Coupé en deux par un chariot élévateur, il répond à la question que tout le monde lui pose sur sa vie intime
En 2019, Loren Schauers avait 19 ans quand un accident de chariot élévateur l’a fait basculer d’un pont à plus de 15 mètres de hauteur dans le Montana. Pour lui sauver la vie, les chirurgiens ont dû amputer tout son corps sous la taille, ainsi que son avant-bras droit. Aujourd’hui marié, il apparaît dans un documentaire diffusé sur TLC et répond sans détour à la question que des milliers d’internautes lui posent depuis des années.

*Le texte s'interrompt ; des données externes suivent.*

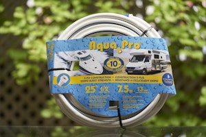 Il est important de choisir un bon boyau de raccordement pour alimenter votre roulotte en eau potable. Le boyau Aqua Pro est spécialisé pour les véhicules récréatifs et a été conçu spécialement pour faire circuler de l’eau potable. À la différence des tuyaux d’arrosage classiques, son enduit intérieur a été traité pour que l’eau ne goute pas le caoutchouc, même quand le soleil plombe dessus (sa couleur blanche aide d’ailleurs à réfléchir la chaleur du soleil.) Ses composants sont exempts de plomb et non-toxiques.

Un chariot élévateur, un pont, une chute de 15 mètres
Septembre 2019. Loren Schauers, alors jeune ouvrier dans le Montana, conduit un chariot élévateur sur un pont étroit. L’engin dévie de sa trajectoire et bascule dans le vide. La chute est vertigineuse : près de 15 mètres, l’équivalent d’un immeuble de cinq étages. Le jeune homme est récupéré dans un état critique. Ses blessures sont si graves que les médecins prennent une décision radicale : pour lui sauver la vie, il faut amputer massivement.

Ce n’est pas un bras ou une jambe. L’intégralité du corps en dessous de la taille est retirée, ainsi que l’avant-bras droit. Loren Schauers perd ses deux jambes, son bassin, ses organes reproducteurs. Il passe du statut d’adolescent valide à celui d’homme amputé de plus de la moitié de son corps, en l’espace de quelques heures sur une table d’opération. Un cas médical extrêmement rare qui, des années plus tard, continue de fasciner et d’interroger.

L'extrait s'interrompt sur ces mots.